TOKYO (TR) – Tokyo Metropolitan Police have arrested two Chinese nationals for allegedly operating an illegal underground bank out of a Shinjuku Ward high-rise.
Police say the operation run by Zeng Cong, a 26-year-old vocational school student residing in Toshima Ward, and Lin Ziqiang, a 24-year-old unemployed resident of Nakano Ward, was used to launder money for rings specializing in tokushu sagi (specialized fraud), reports NHK (June 17).
The suspects are accused of violating the Banking Act by conducting unauthorized foreign exchange transactions between June and December of last year.
Police have not disclosed whether the two suspects have admitted to the charges.

According to police, the pair solicited clients — primarily Chinese exchange students — through social media and word-of-mouth.

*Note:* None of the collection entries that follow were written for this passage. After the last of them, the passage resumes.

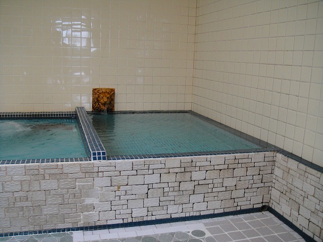 一番右側は水風呂で、凛々しい顔のライオンの口から勢い良く水が出ています。
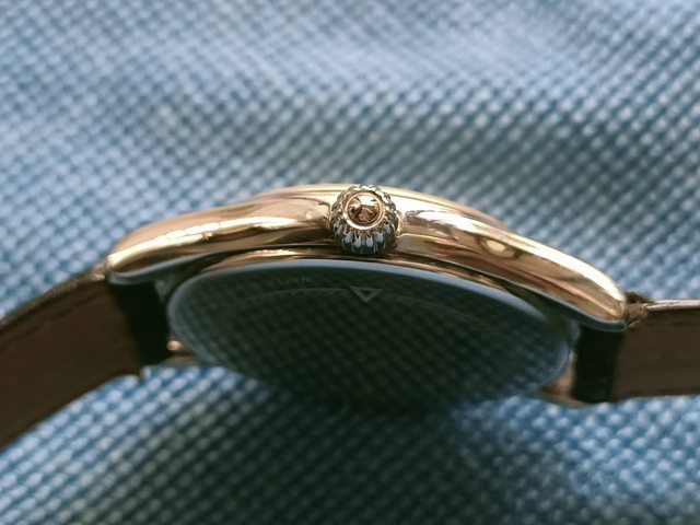 925純銀錶殼,實18K玫瑰金框, 漂亮的藍鋼指針,阿拉伯字立體時標 , 錶盤為象牙色,面盤無傷 , 做工細緻講究
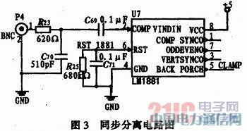 分离电路采用美国国家半导体器件公司出品的集成LM1881来实现,电路如图3所示。
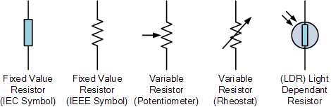 저항은 킬로 옴 ( kΩ = 10 3 Ω ) 및 메가옴 ( MΩ = 10 6 Ω ) 을 나타내는 데 사용되는 접두어가 포함된 그리스 기호( Ω , Omega)인 옴(Ohms) 단위로 측정되는 회로 요소입니다 . 저항은 양수 값에서만 음수일 수 없습니다.
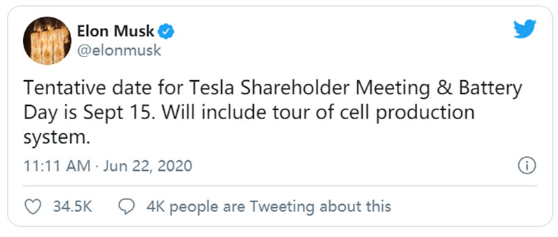 近日,特斯拉掌門人馬斯克發(fā)推文稱,特斯拉電池日和股東大會(huì)推遲至9月15日在加利福尼亞州弗里蒙特舉行,并且與會(huì)股東將參觀電池生產(chǎn)線。

In one confirmed instance, the suspects received a transfer of Chinese yuan via an electronic payment service from a client. In return, they handed over approximately 1.2 million yen in cash inside a room of a luxury apartment in Shinjuku.
Investigators believe the unauthorized exchange was part of a larger money-laundering scheme for specialized fraud rings, whose members pose as persons of authority over the telephone in swindling victims out of cash.
Police suspect the Japanese yen distributed to the students was sourced directly from an ukeko (cash receiver) and dashiko (cash withdrawer) working for a specialized fraud syndicate.
By trading the fraudulently obtained yen for digital yuan, the group effectively washed the dirty money.
Police are continuing its investigation to uncover the full extent of the network’s money-laundering activities.